Before making a request, the student whose turn it is writes down the response they expect as Yes or No in their notebooks. After getting a response, they reveal what they had written down, therefore showing their power of prediction and ability to choose a request that gets a particular answer, e.g. “Can you lend me your house?” for “No” and “Can you move your chair one centimetre to the left?” for “Yes”.

3. Requests Answer Me

This is a variation on the game above. Students are dealt out five to seven cards with Yes or No written on them. Their job is to obtain those responses and so be able to discard the cards, with the first person with no cards left (or the person with fewest cards when the teacher stops the game) being the winner. The first student takes one of the cards and puts the rest face down on the table, then makes a request which they think they will get an answer that is on that card. If that is in fact the answer they get, they can discard it.

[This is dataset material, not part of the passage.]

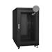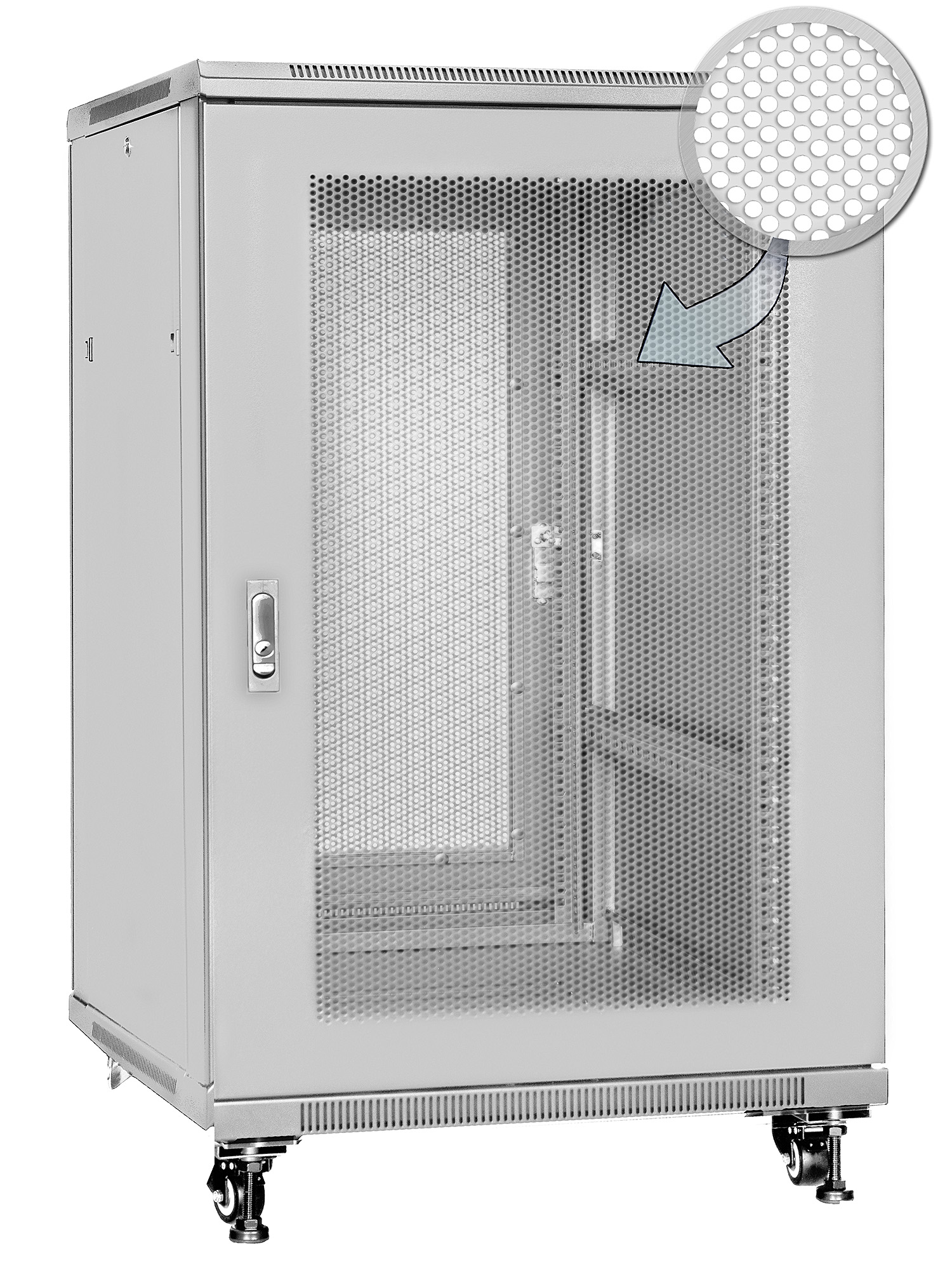 Přední a zadní dveře jsou vyrobeny z vysoce kvalitního perforovaného kovu, což zvyšuje mechanickou odolnost skříně a má pozitivní vliv na cirkulaci vzduchu v jejím vnitřku. Ostatní stěny jsou vyrobeny z práškově lakovaného plechu, díky čemuž je skříň odolná proti korozi, oxidaci a oděru laku. Boční panely lze sejmout (dveře na západku), což umožňuje ještě lepší přístup k zařízením. Lze je také zamknout na klíč, což zvyšuje bezpečnost zařízení namontovaných ve skříni. Zadní dveře lze také zamykat na klíč. Stojící skříň RACK byla navržena tak, aby bylo možné namontovat dveře na levou nebo pravou stranu. Skříň nabízí různé možnosti vedení kabelů (nahoře, dole).

This can also be played with cards that have the actual wording of the responses on them, e.g. phrases like “Maybe later” and “Okay, but just this once”. The people replying must choose the thing that they would be most likely to really say in that situation from the list of such responses and the person who made the request can discard the card if it is one of the ones they have in their hand.

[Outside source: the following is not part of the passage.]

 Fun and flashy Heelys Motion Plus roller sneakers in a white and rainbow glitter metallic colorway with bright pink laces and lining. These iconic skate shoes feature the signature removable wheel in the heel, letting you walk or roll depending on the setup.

4. Requests Brainstorming Competition

Students are given a word or situation that they should brainstorm requests for, e.g. requests containing the word “pencil” or requests inside a taxi. When they run out of ideas the last person to come up with something gets a point, then they move onto something else in the list.

You can also do the same thing with brainstorming reasons for refusing a request, or trying to think of situations in which a particular excuse or phrase could be used.

5. Requests Guessing Games

Students should guess which of the situations on the worksheet or board (e.g. “Talking to your boss” and “In a dentist’s”) the teacher or another student is thinking of from the requests that they say could come up there (e.g. “Can I go home early?” or “Could you just polish them a little?” for those two examples).

They could also guess which of the requests written on the worksheet the person speaking is thinking of from the possible responses they say, or guess which of the responses on the worksheet they are thinking of from the list of requests they say could get that answer.

A more complex one is to give each student a card with a reason for refusing lots of requests, e.g. “You can’t read and write”. They should refuse all requests that would be impossible for them (e.g. “Write a report” and “Help with my homework” for this example) until their partners guess what your problem is.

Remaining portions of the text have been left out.